Михаил Никулин - В просторном мире
— Как же их звать, если про Зубрикову и про бабку Кустову дедушка Иван Никитич рассказывал такое…
Мише пришлось рассказать, как они с Иваном Никитичем по дороге в степь зашли на южный склон. Там Иван Никитич жарко заспорил с женой Зубрикова. Зубрикова называла старика бездушным и в конце сказала, что она со своей усадьбы никуда не тронется: сядет посреди двора, протянет ноги и ни за что не встанет. Старик ей строго ответил, что «если на этом месте решат всем колхозом сажать сад, то всем колхозом нам нетрудно будет тебя поднять и переселить туда, где все люди живут».
— Мама, а мне дедушка сказал, когда отошли от южного склона: «Михайло, — говорит, — Зубрикова и бабка Кустова — бабка Гуля точь-в-точь похожи на воробьев: клюют, где рассыпано!»

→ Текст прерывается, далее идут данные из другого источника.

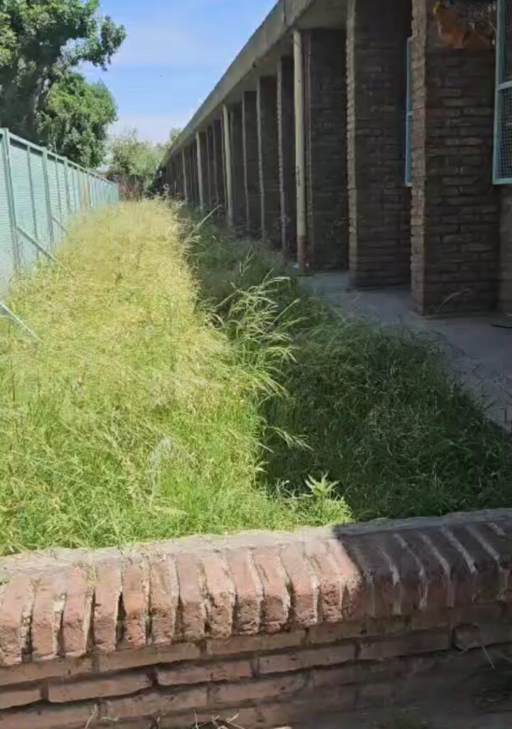 Pastizales, basura acumulada y riesgo eléctrico rodean las escuelas de barrio Moreno
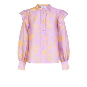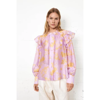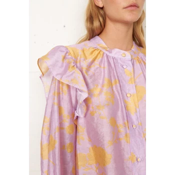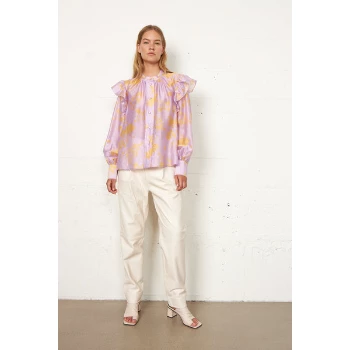 Loose fit. Mao collar. Big sleeves. Decorative ruffles.
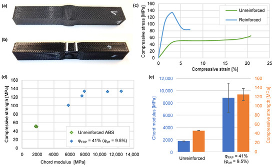 A representative stress–strain curve of an unreinforced and a reinforced specimen is shown in Figure 12. The cFRP results in a significant increase in stiffness and strength. A detailed analysis of the reinforced specimen shows a drop in the stress–strain curve even before the maximum stress is reached (successive failure). This drop in the stress–strain curve indicates the initial failure. Parts of the matrix system detach from the channel wall, and the load is transferred to still-intact interface regions between the channel wall and the cFRP. Subsequently, the structure fails completely.
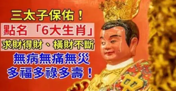 三太子保佑!點名「6大生肖」求財得財、橫財不斷 「無病無痛無災」多福多祿多壽
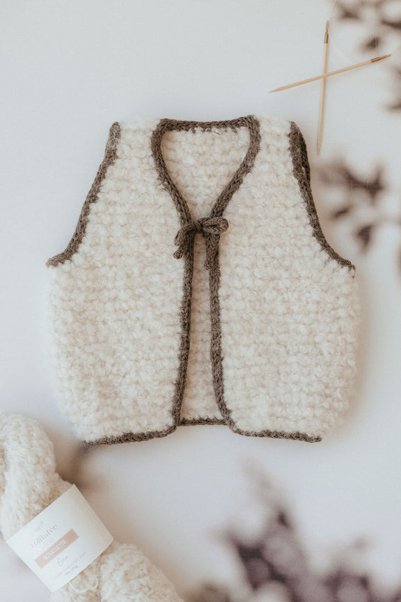 Le gilet (mini) Bavarois est un gilet de berger tricoté en point mousse et doté de jolies finitions en icord qui lui
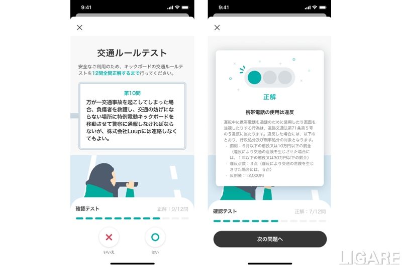 また、Luupは、これまでにも「運転免許証の登録」、「交通ルールテストの全問正解」といった取り組みを行っている。交通ルールテストは、関係省庁により監修、作成されているものだ。
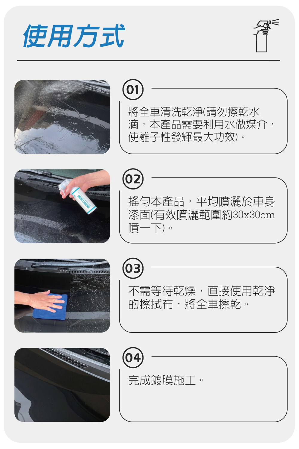 商品介紹‧ 【超撥水性能】鍍膜後,車漆表面會形成一層不沾水的超撥水層,雨天時,水滴快速滑落,不留髒污,不留水痕,效果長達90天。‧ 【超光澤效果】有別於傳統的鍍膜劑,本產品施工後,可呈現出超艷麗的光亮效果,提升漆面色澤,不惹塵,抗酸雨,抗UV,防止金油層老化。‧ 本產品適合所有色系車漆及消光車漆使用。使用方式1.將全車清洗乾淨(請勿擦乾水滴,本產品需要利用水做媒介,使離子性發輝最大功效)。2.搖勻本產品,平均噴灑於車身漆面(有效噴灑範圍約30x30cm噴一下)。3.不需等待乾燥,直接使用乾淨的擦拭布,將全車擦乾,即完成鍍膜施工。規格說明‧ 品名:日本AUG 水離子科技鍍膜‧ 配件:超細纖維布x1‧ 成分:水、異丙醇、亮光撥水劑、氟樹脂、防腐劑‧ 容量:250ml‧ 產地:日本注意事項‧ 車身漆面專用產品,也可使用於汽車玻璃及塑膠表面。‧ 勿於酷熟天氣下施工,並請於通風良好處施工。‧ 請放置陰涼處與兒童不易取到之處。‧ 不可食用,如不慎誤食,請帶著本產品立刻就醫。‧ 施工後請洗手。
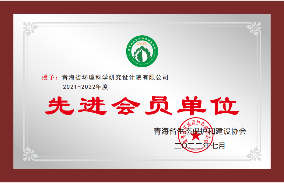 青海省生態(tài)保護(hù)和建設(shè)協(xié)會(huì)《先進(jìn)會(huì)員單位》,青海省生態(tài)保護(hù)和建設(shè)協(xié)會(huì)頒發(fā),2022年7月
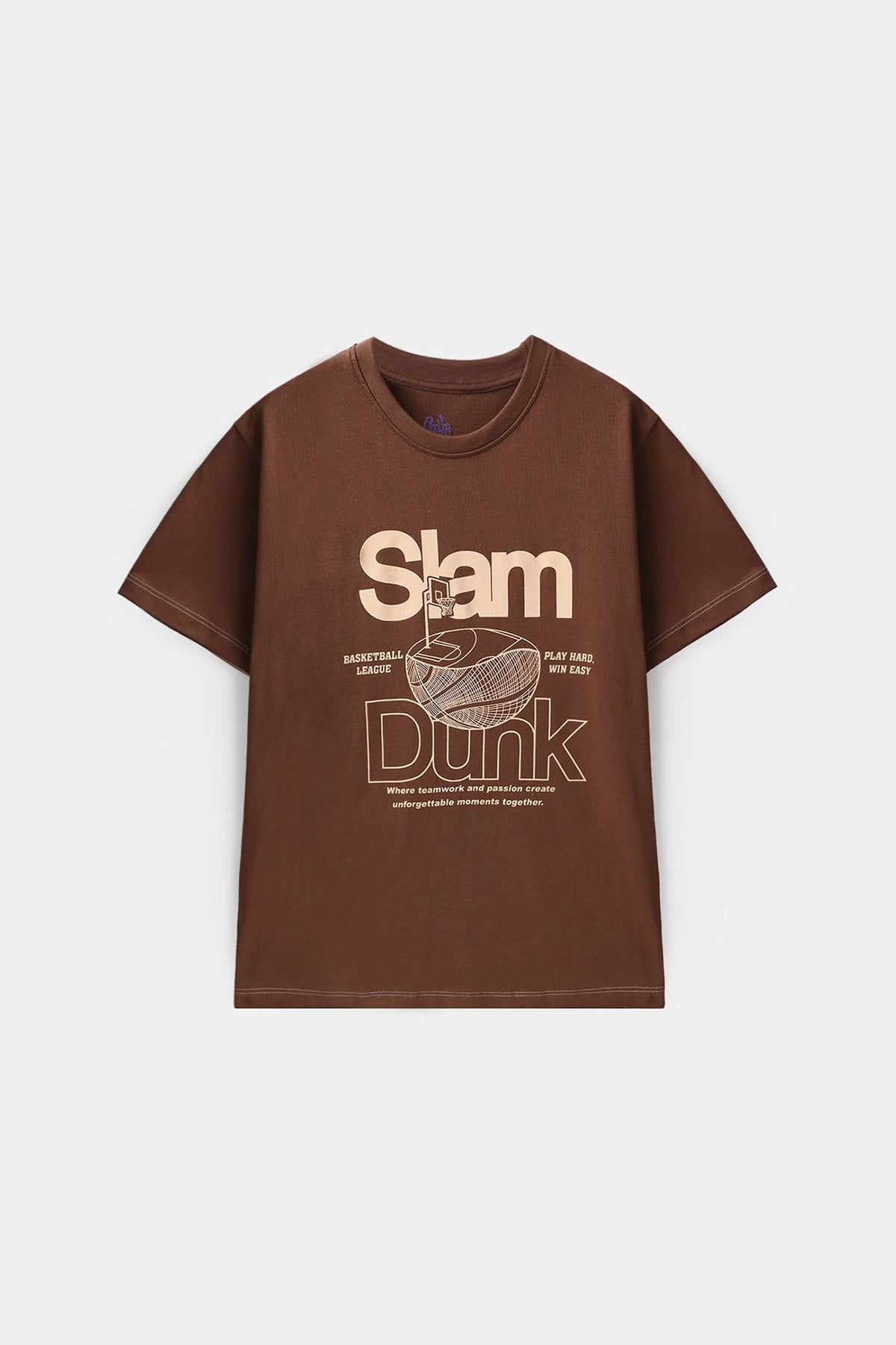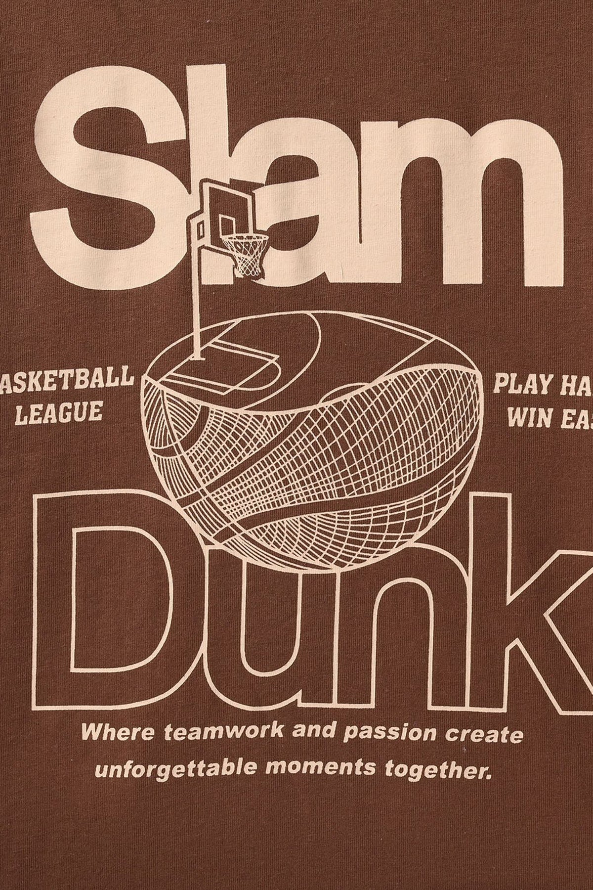 Boys' brown cotton jersey T-shirt featuring a round neck and half sleeves, perfect for casual and comfortable everyday wear.
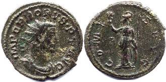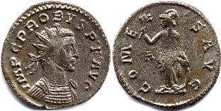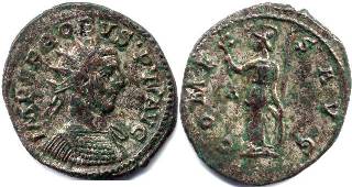 Reverse Legend : VIRTVS AVG Reverse Type : Emperor riding right, holding a spears; at foot, captive, both hand bound behind back Obverse Legend : VIRTVS PROBI AVG Bust Type : Radiate, helmeted, cuirassed bust left, holding spear and shield Officina Mark Position : Centre field References : RIC -, Cohen 848, Bastien 371 (1 ex.) NO EXAMPLE YET
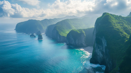 Stunning aerial view of a coastal landscape featuring lush green cliffs and azure waters, all under a dramatic cloudy sky, evoking a sense of tranquility and adventure.
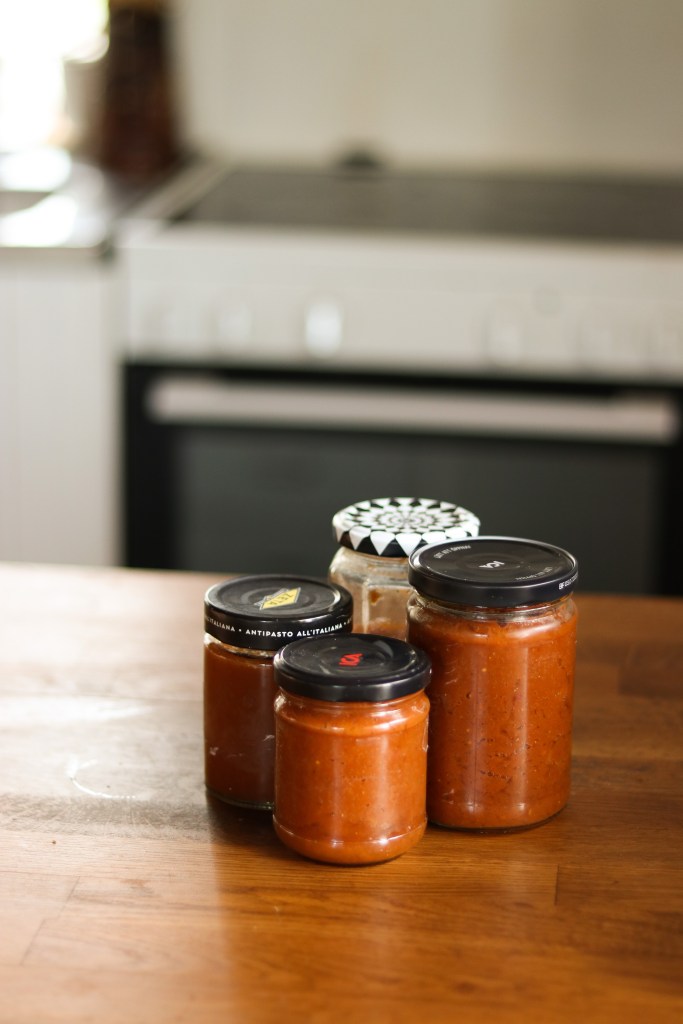 Jag använder vanliga glasburkar med plåtlock, och för att kunna förvara dem en lång tid konserverar jag även burkarna i vattenbad.
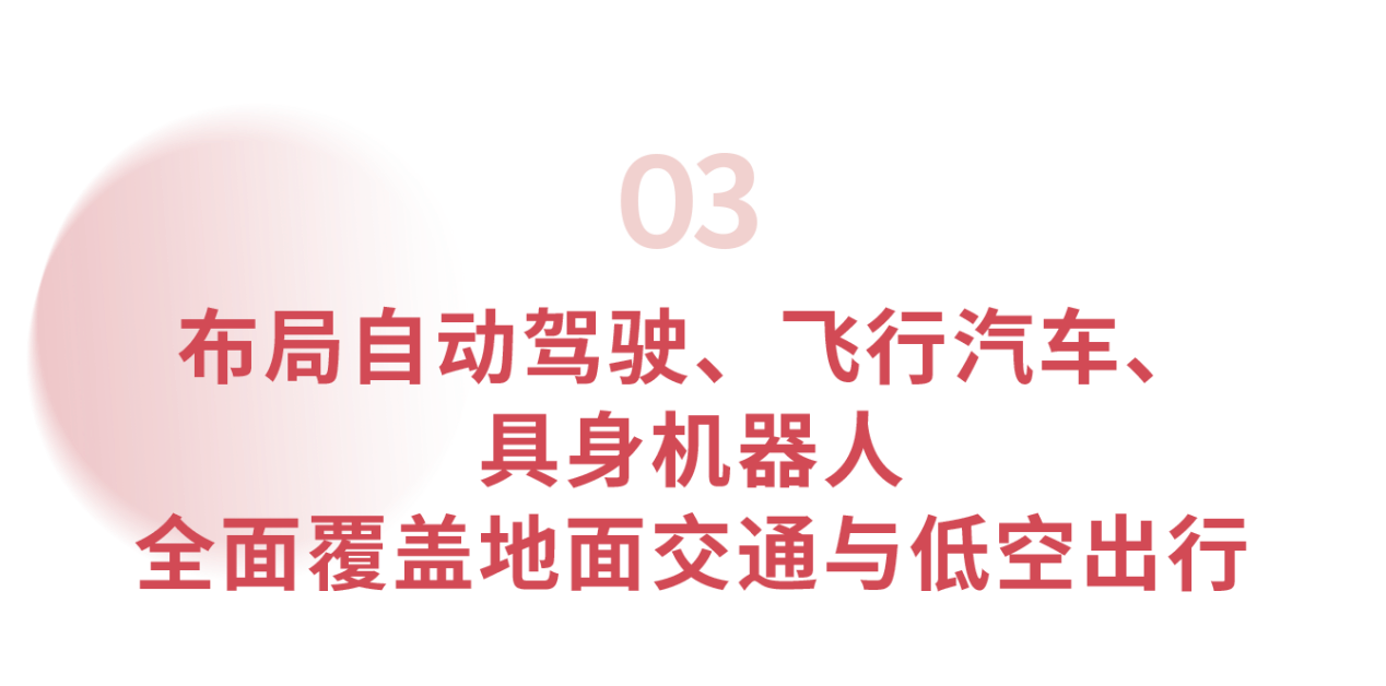 同时,广汽集团正加快布局从私人出行到共享出行、个体出行到群体出行、陆地出行到低空出行的全场景、立体化出行模式。2024年12月已正式发布飞行汽车品牌GOVY高域及首款复合翼飞行汽车GOVY AirJet,航程超200公里,并支持30分钟快充技术,规划2025年布局生产线开启预定;还将搭建Robo-AirTaxi(自动驾驶空中出租车)端到端低空立体出行体系,实现地面交通与低空出行无缝覆盖。
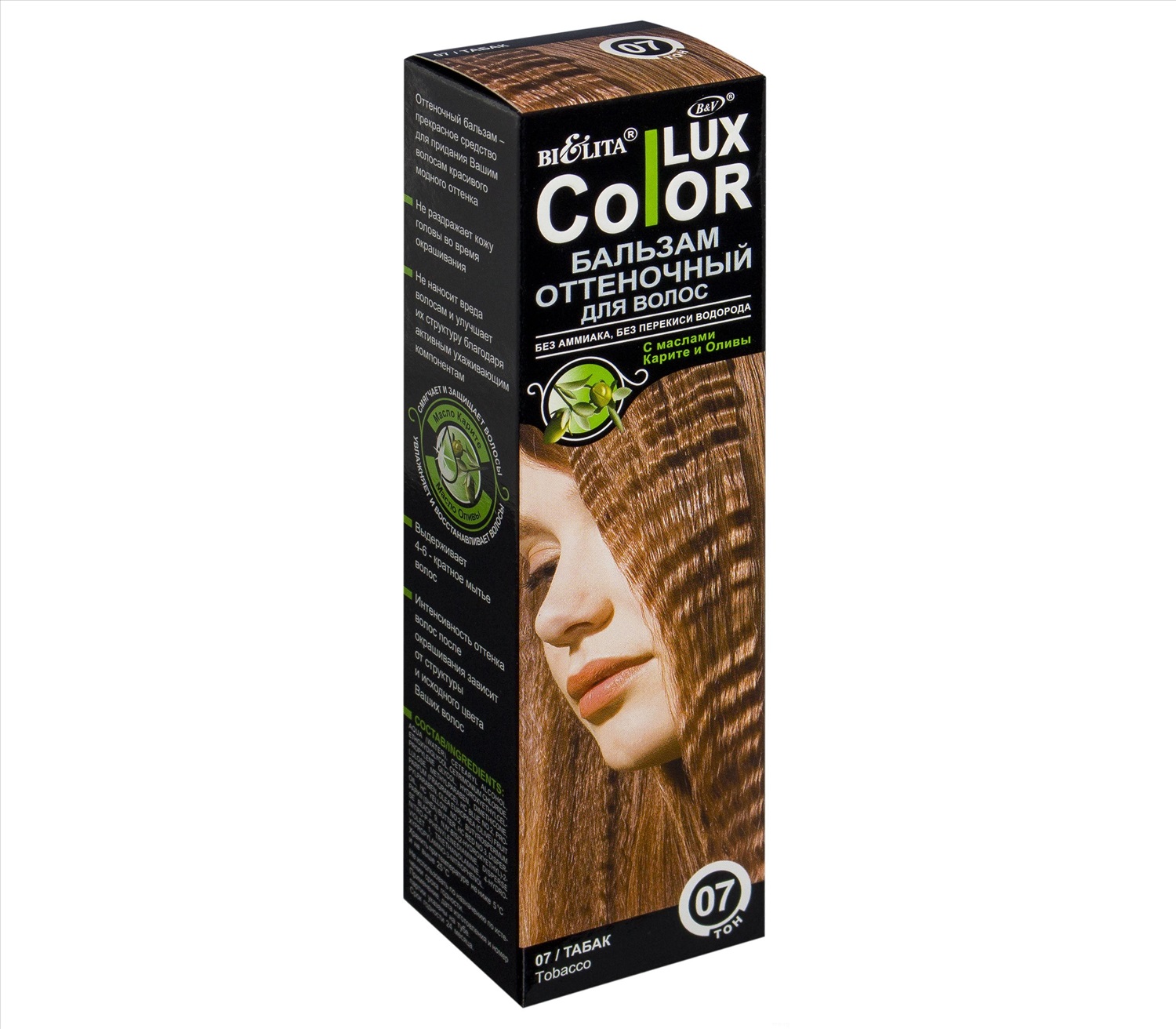 Бренд: Белита; Изготовитель: СП "Белита" ООО, Республика Беларусь, 220089, г. Минск, ул. Декабристов, 29а; Оттенок: 07, табак; Производитель: Белита; Свойства: Без аммиака, с натуральными маслами; Серия: Color Lux; Упаковка: Коробка

Марья Захаровна, внимательно прослушав сына, засмеялась:
— А по-моему, смеяться тут вовсе нечему, — немного обижаясь за невнимание к тому, что было сказано Иваном Никитичем, протяжно проговорил Миша.
— Миша, я смеюсь, что дед Опенкин за словом в карман не лезет. Но про Юрку и Алешу он тебе ничего не говорил… Если бы спросил, он бы тебе сказал: ребят надо звать.
— Мама, а почему ты Зубриковых и Кустовых не зовешь в степь, в бригаду? — краснея с затылка до ушей, заволновался Миша.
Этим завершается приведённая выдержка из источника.